• Don't try to delete all the rows at once. Even in simple recovery mode, all the activity must be logged for the duration of the statement. Drop batches of rows until there are no more remaining. The optimum batch size depends on row size, server configuration, etc., and may be arrived at through testing.

    WHILE 1=1 BEGIN

    DELETE TOP (10000) FROM dbo.table WHERE id > 20877065 ;

    IF @@ROWCOUNT = 0 BREAK ;

    END

    An alternate technique is to copy the data you want to keep into a temp table, then truncate the main table and reload it. The TRUNCATE operation is minimally logged, although both record-copying operations will be logged. If much more data is being deleted than being kept, this is a better approach. This assumes there are no foreign key complications, but you may want to drop foreign keys on this table and recreate them after the delete no matter which version you use.

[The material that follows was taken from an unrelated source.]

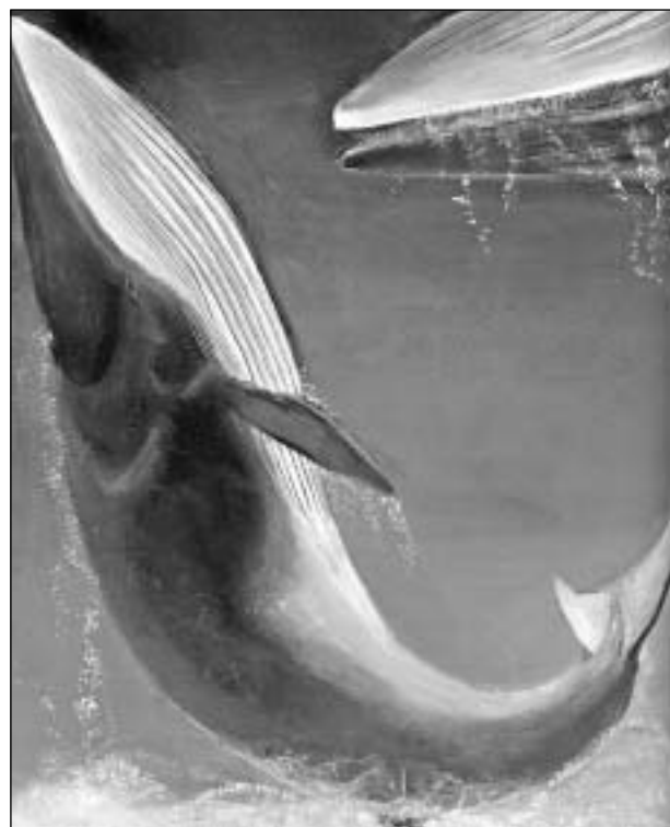
Nebbfiskur varð eisini veiddur.

    SELECT * INTO #table FROM dbo.table WHERE id <= 20877065 ;

    IF @@ROWCOUNT > {expected row count} BEGIN

    TRUNCATE TABLE dbo.table ;

    INSERT INTO dbo.table WITH(TABLOCKX) SELECT * FROM #table ;

    IF @@ROWCOUNT > {expected row count}

    DROP TABLE #table ;

    END

    Other considerations:

    The DELETE TOP (N) version works best if "WHERE id > 20877065" is referencing a clustered primary key. If for example you're keeping the first million rows of a fifty-million row table, and id is not the clustered key, it will probably have to table scan through those first million rows every iteration before finding ten thousand rows to delete. Repeat 4900 times. If id is the clustered primary key, it will be able to find the rows to delete very quickly.

    If the table is a heap (no clustered index or key), then the TRUNCATE TABLE version is emphatically the best choice.